While population in the district has fallen to 1.2 million from 1.3 million in 2011, district officials said school enrollment has not declined.

From a peak of $81.8 billion in 2009, the district's tax base fell 8% to a low of $75.1 billion in fiscal year 2012. By fiscal year 2014, the assessed value is expected to reach $80.6 billion, about $1.2 billion below the 2009 peak.

Per capita taxable assessed value fell from $62,641 in 2009 to $58,015 in 2011.  Since then, the figure has grown nearly 14% to $65,916.

Conservative projections for fiscal 2014 reflect another operating surplus of approximately $20 million, and officials anticipate more.

Officials have a goal to build the general fund reserve to $500 million over the next 20 years in anticipation of a $143 million bullet payment that will come due in 2033. There are also plans to formally adopt a general fund policy that maintains a General Fund balance at least equal to 25% of general fund expenditures.

School districts across the state are awaiting final resolution of a court case over the state's school funding formula that has been developing for years.

In February 2013, a district judge ruled the state's school finance system is unconstitutional.
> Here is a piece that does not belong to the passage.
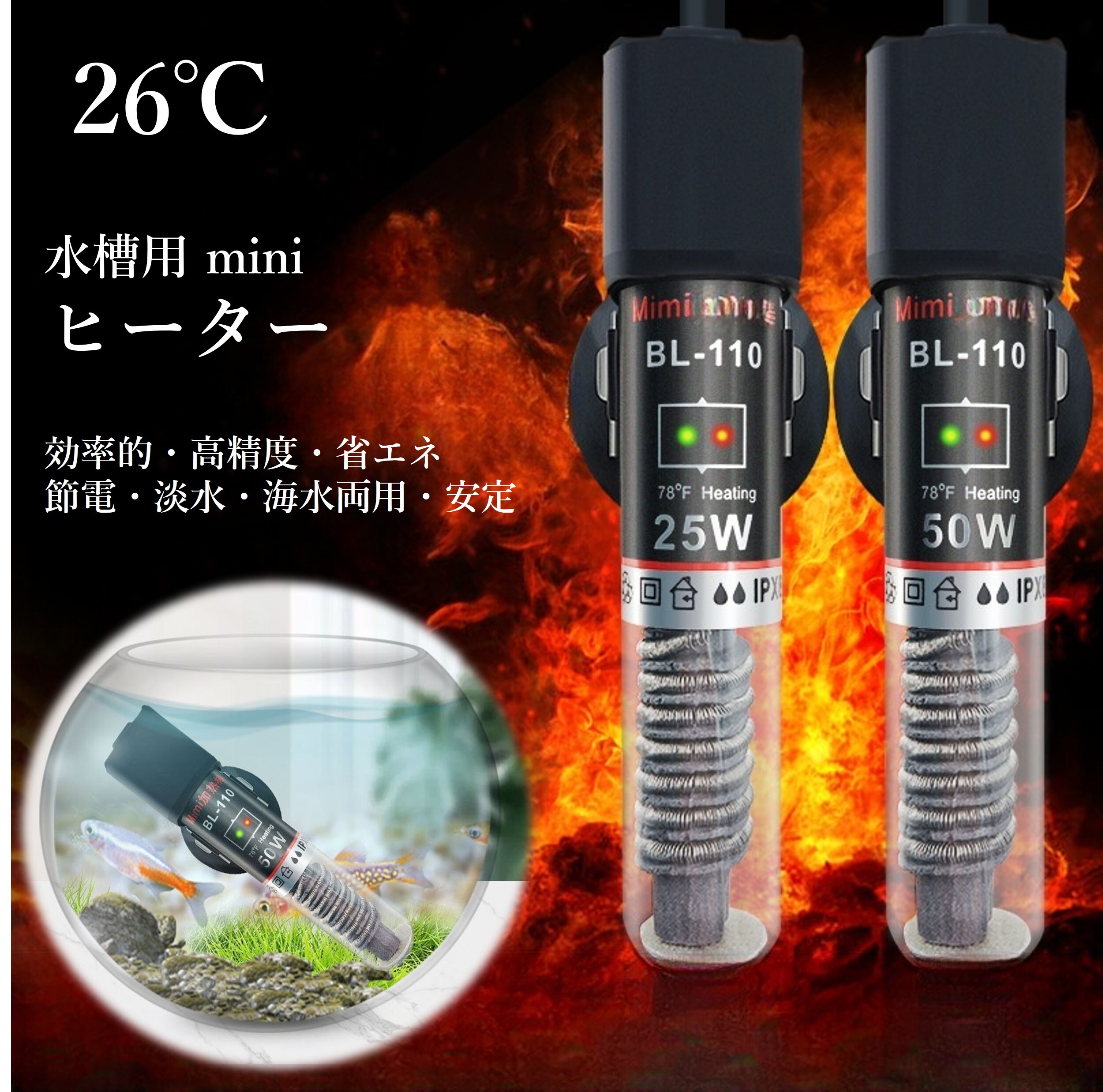 冬の水温管理もお任せ!自動恒温で快適な水槽環境を実現。過熱保護&空焼き防止機能付き、熱帯魚や亀にも最適な26℃設定ミニヒーター。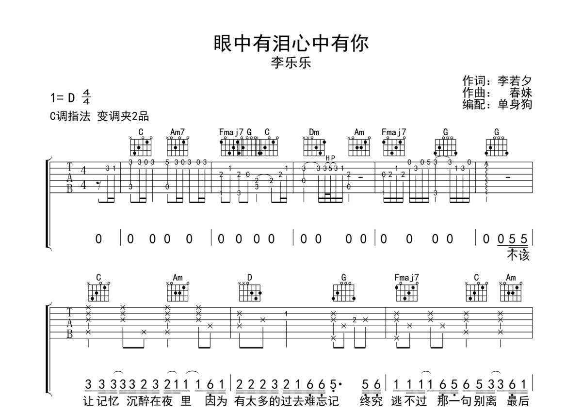 李乐乐《眼中有泪心中有你》吉他谱 - C调弹唱六线谱

The case combined six lawsuits representing 75% of Texas school children.

State district court Judge John Dietz found the system "inefficient, inequitable, and unsuitable and arbitrarily funds districts at different levels." Dietz also cited inadequate funding as a constitutional flaw in the current system.

The judge reopened the lawsuit in June 2013 after state legislative action that partially restored state funding levels and made other program changes. A new trial was set for Jan. 6.

If the state school finance system is ultimately found unconstitutional, the legislature will be directed to make changes to the system to restore its constitutionality.

"Fitch would consider any changes that include additional funding for schools a positive credit consideration," Fitch analyst Blake Roberts said.